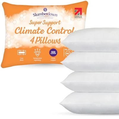 Slumberdown Climate Control Super Support Pillows 4 Pack Firm Side Sleeper for Neck and Shoulder Pain Relief Cool Night Sweats, Hypoallergenic, Size (48cm x 74cm)
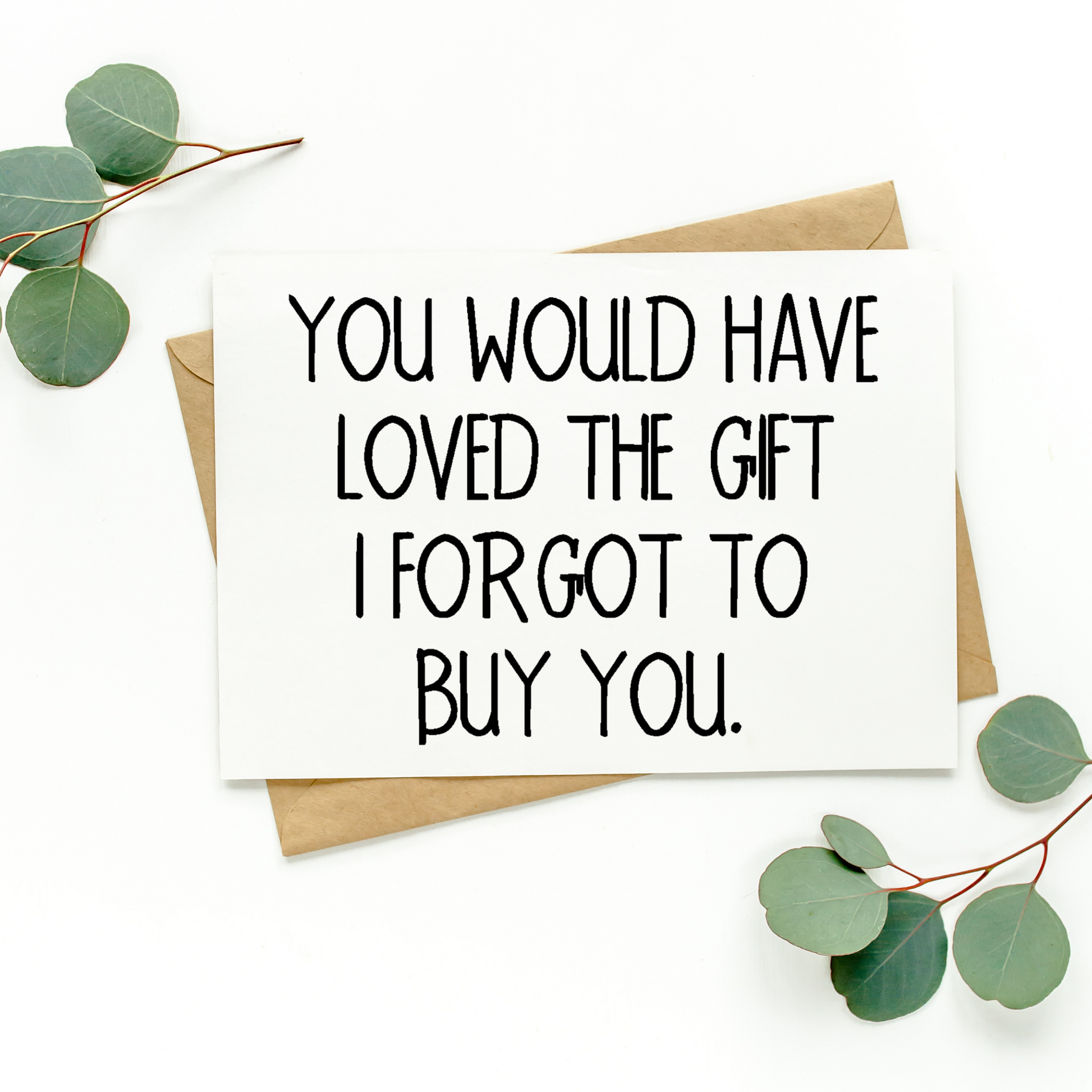 This listing is for one blank greeting card that says, "You Would Have Loved The Gift I Forgot To Buy You." The card is a hilarious way to celebrate someone's birthday or the holidays!
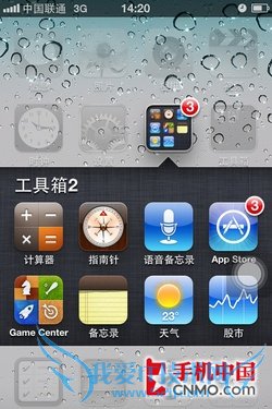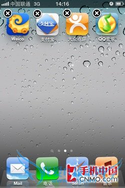 iOS 5系统在待机界面上与之前的系统没有太多区别,依旧是4×4的图标界面加上下方四颗常用应用界面,所有日常应用也是一应俱全。iOS将最常用的程序放在了第一页,比如短信、电话、时钟、日历等。每个应用下方还都有文字注释,方便用户识别应用的功能。当用户有未接来电、信息或者提醒时,应用右上角还会出现醒目的计数提示。
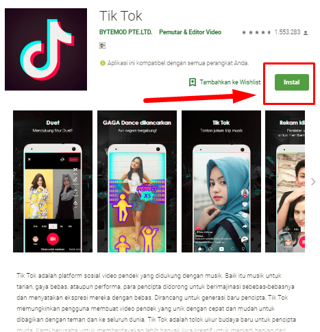 - Dan setelah itu instal/pasang aplikasi Tik Tok.
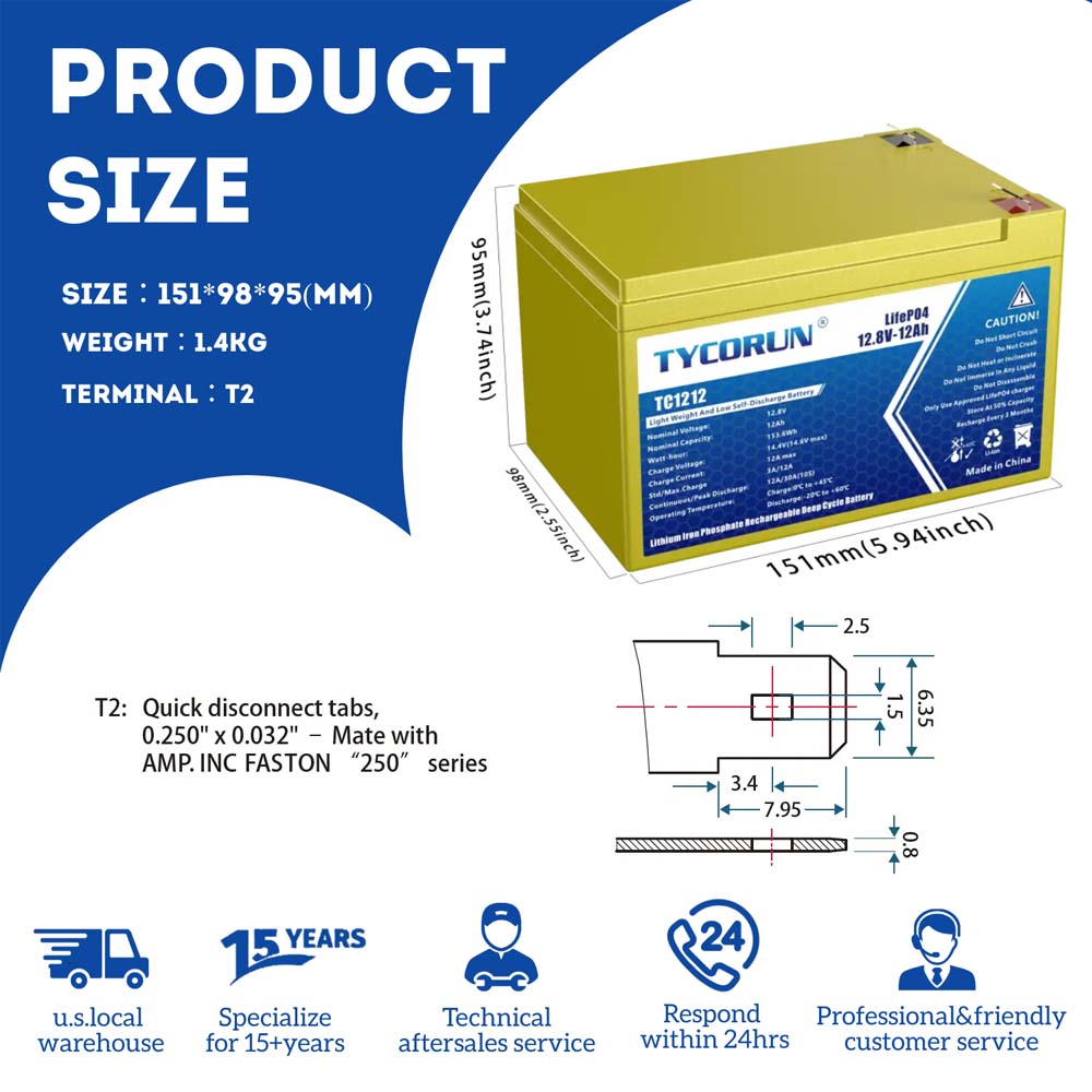 About Tycorun 12 Volt 12Ah Lithium Deep Cycle Battery
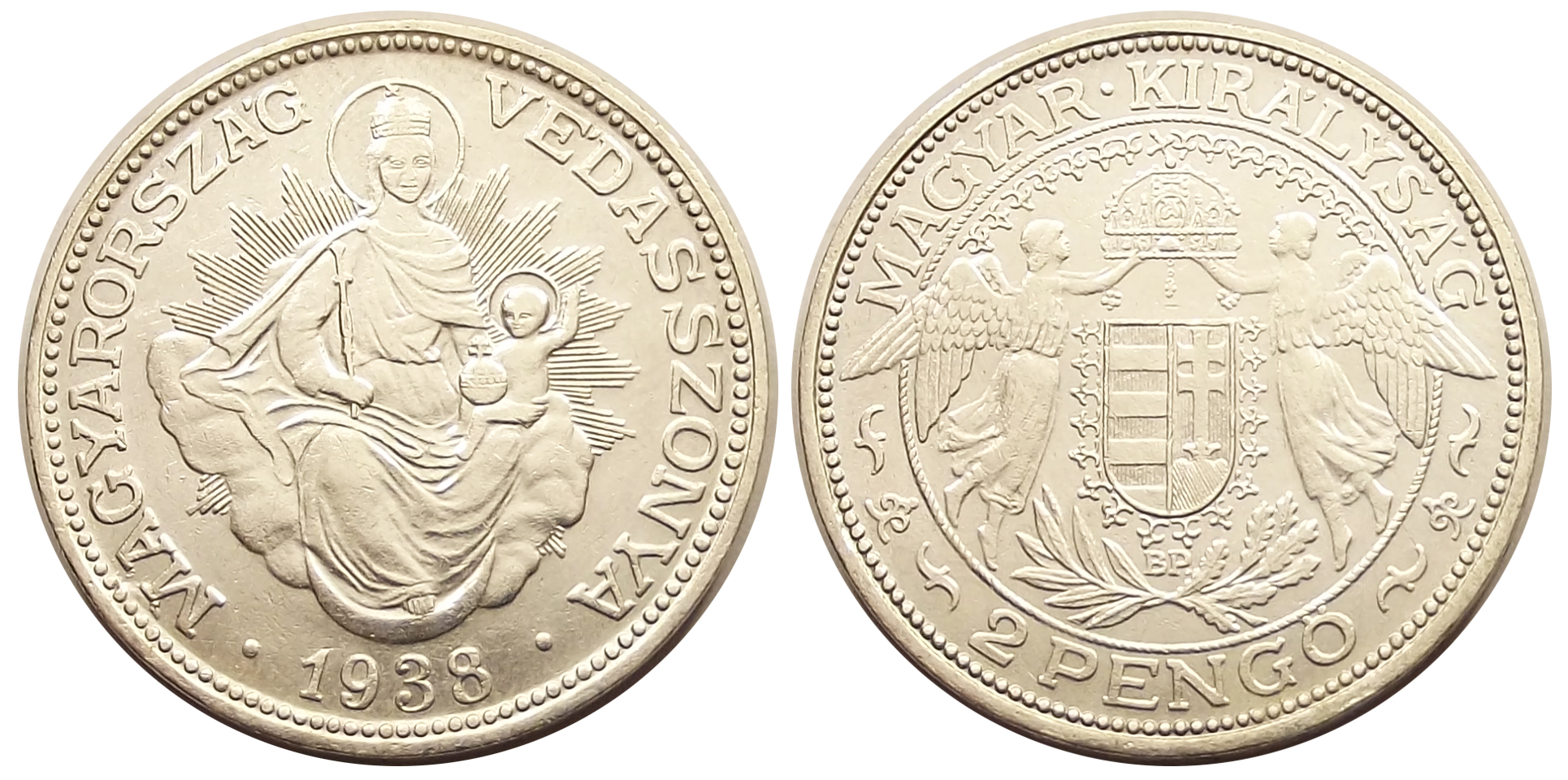 Főoldal Fémpénzek Magyar pénzek Magyar Királyság 1920-1944 Mosolygós Madonnás 2 pengő 1938
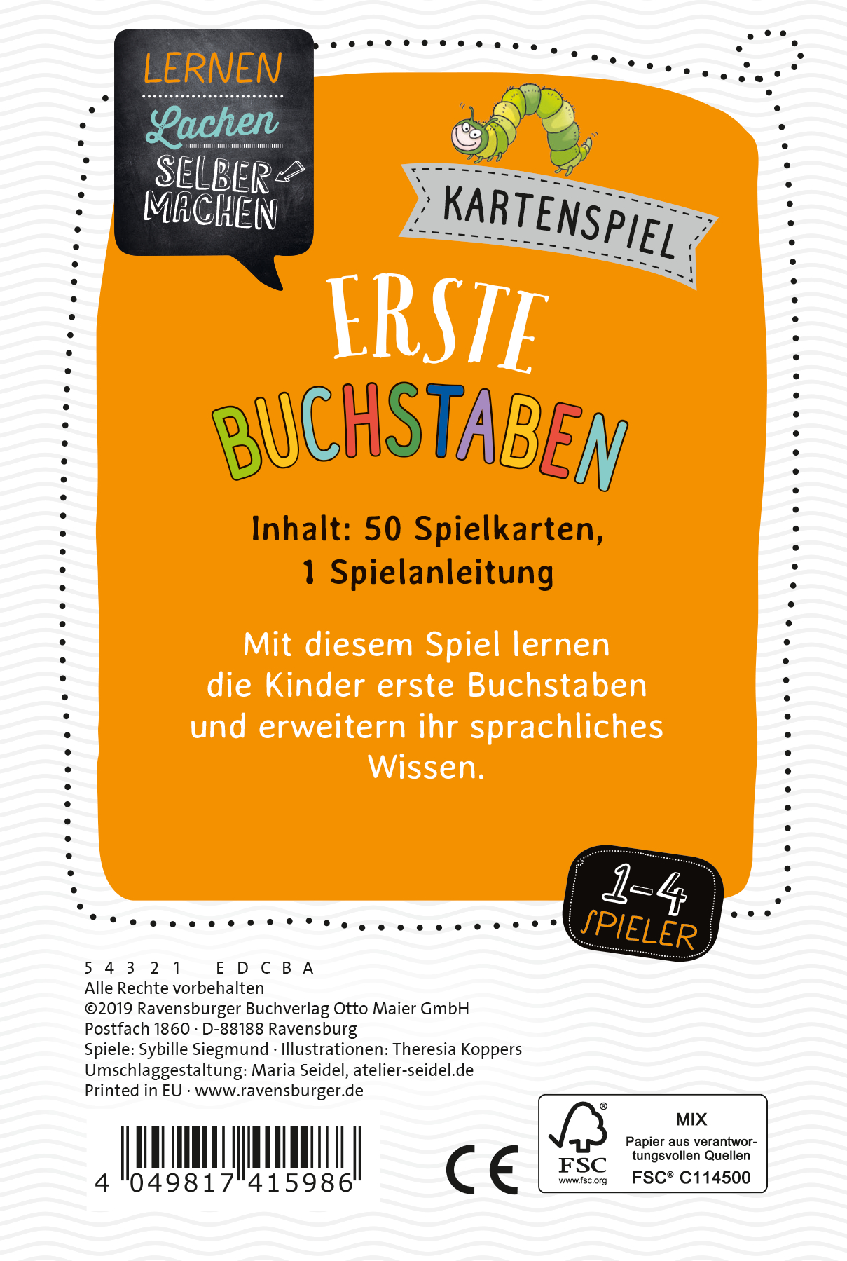 Dieses Lernspiel fördert das Kennenlernen der Buchstaben sowie die Sprachwahrnehmung und Sprachentwicklung. Es gibt vier kreative Spielmöglichkeiten von leicht bis schwer. Kinder erwerben so - ganz spielerisch - wichtige Vorkennnisse für die Schule. Für 1 - 4 Spieler.
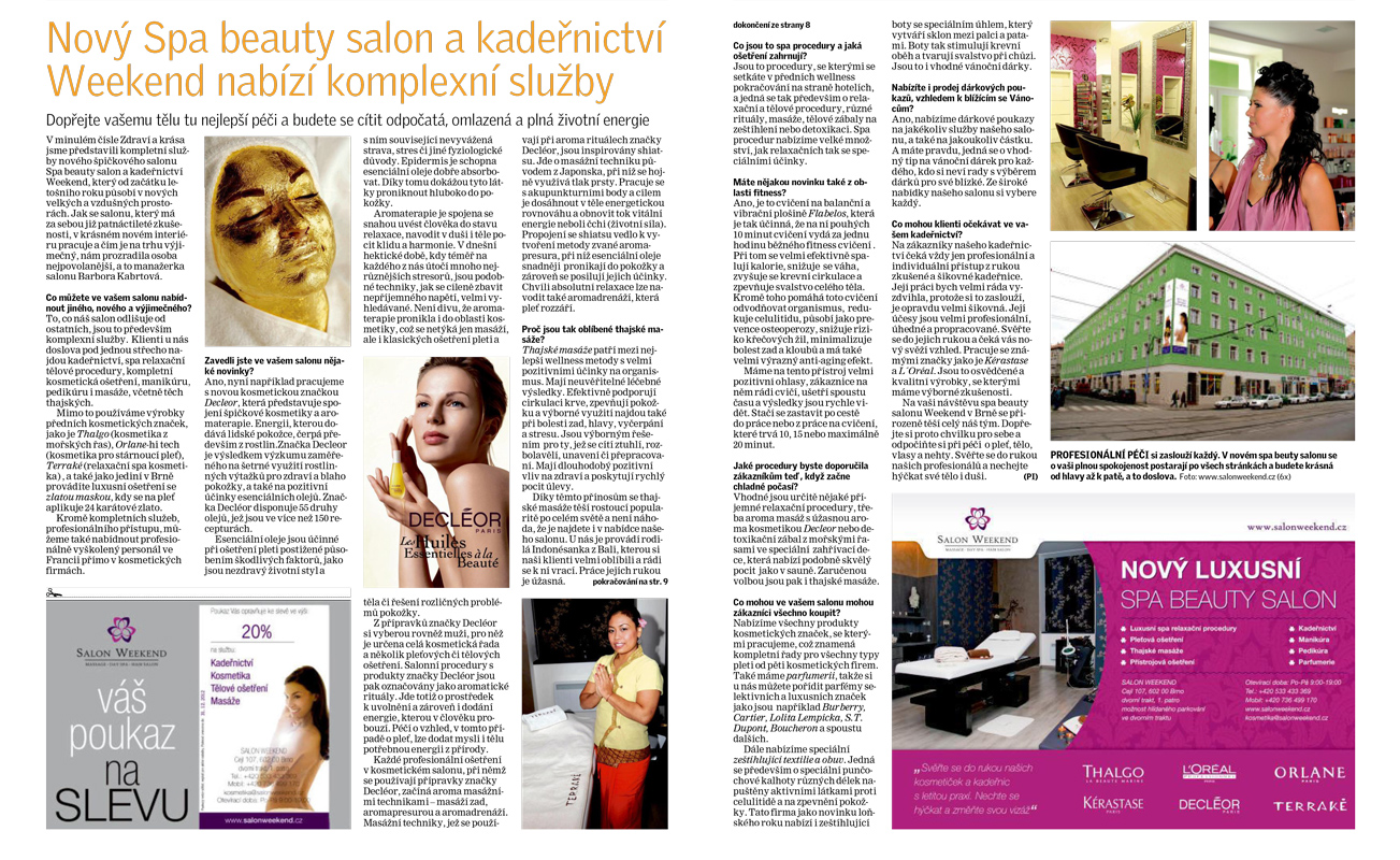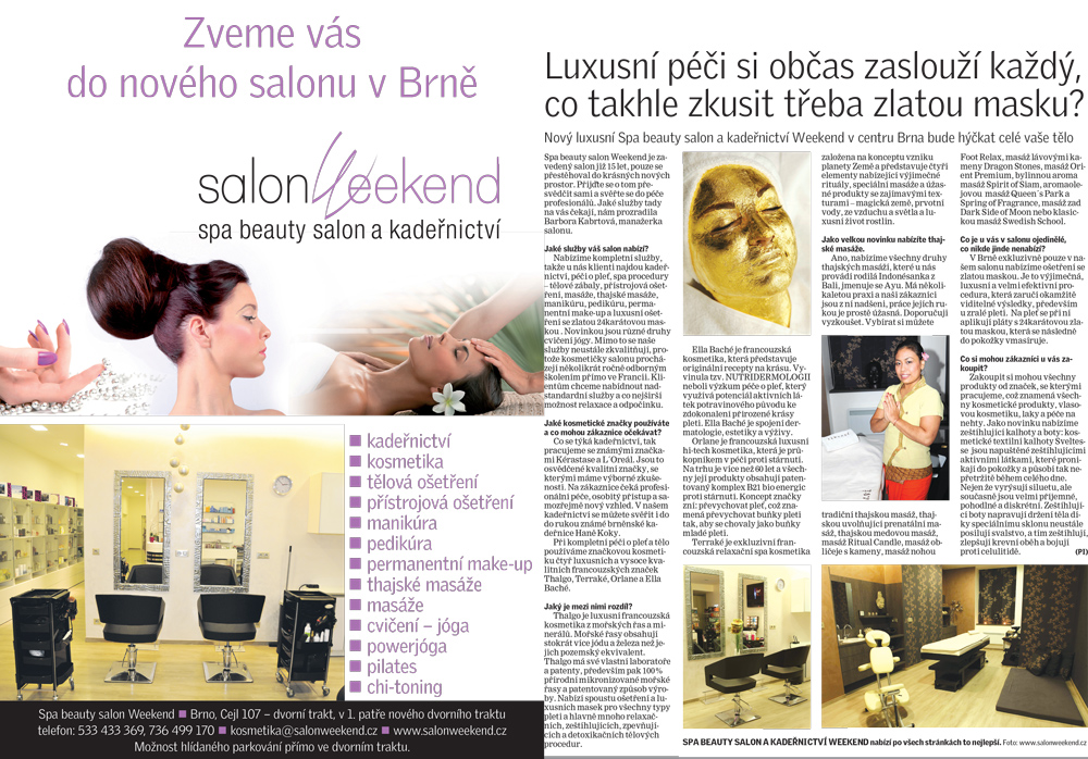 Mnoho let se o nás psalo jako o kosmetickém salonu Weekend. Nyní nabízíme ještě širší škálu služeb v příjemném prostředí pod názvem Sensualité Beauty. Harper´s Bazaar zařadil salon Weekend (nyní Sensualité Beauty) do tipů Kam pro radost. Časopis Style nás zařadil do tipů na víkend. Napsali o nás v Rovnosti. Napsali o nás v Mladé Frontě Dnes.

* TASK GOAL: Exact copy, pictures excluded: restate every record above word for word.

* SOLVED EXERCISE:
 Slumberdown Climate Control Super Support Pillows 4 Pack Firm Side Sleeper for Neck and Shoulder Pain Relief Cool Night Sweats, Hypoallergenic, Size (48cm x 74cm)
 This listing is for one blank greeting card that says, "You Would Have Loved The Gift I Forgot To Buy You." The card is a hilarious way to celebrate someone's birthday or the holidays!
 iOS 5系统在待机界面上与之前的系统没有太多区别,依旧是4×4的图标界面加上下方四颗常用应用界面,所有日常应用也是一应俱全。iOS将最常用的程序放在了第一页,比如短信、电话、时钟、日历等。每个应用下方还都有文字注释,方便用户识别应用的功能。当用户有未接来电、信息或者提醒时,应用右上角还会出现醒目的计数提示。
 - Dan setelah itu instal/pasang aplikasi Tik Tok.
 About Tycorun 12 Volt 12Ah Lithium Deep Cycle Battery
 Főoldal Fémpénzek Magyar pénzek Magyar Királyság 1920-1944 Mosolygós Madonnás 2 pengő 1938
 Dieses Lernspiel fördert das Kennenlernen der Buchstaben sowie die Sprachwahrnehmung und Sprachentwicklung. Es gibt vier kreative Spielmöglichkeiten von leicht bis schwer. Kinder erwerben so - ganz spielerisch - wichtige Vorkennnisse für die Schule. Für 1 - 4 Spieler.
 Mnoho let se o nás psalo jako o kosmetickém salonu Weekend. Nyní nabízíme ještě širší škálu služeb v příjemném prostředí pod názvem Sensualité Beauty. Harper´s Bazaar zařadil salon Weekend (nyní Sensualité Beauty) do tipů Kam pro radost. Časopis Style nás zařadil do tipů na víkend. Napsali o nás v Rovnosti. Napsali o nás v Mladé Frontě Dnes.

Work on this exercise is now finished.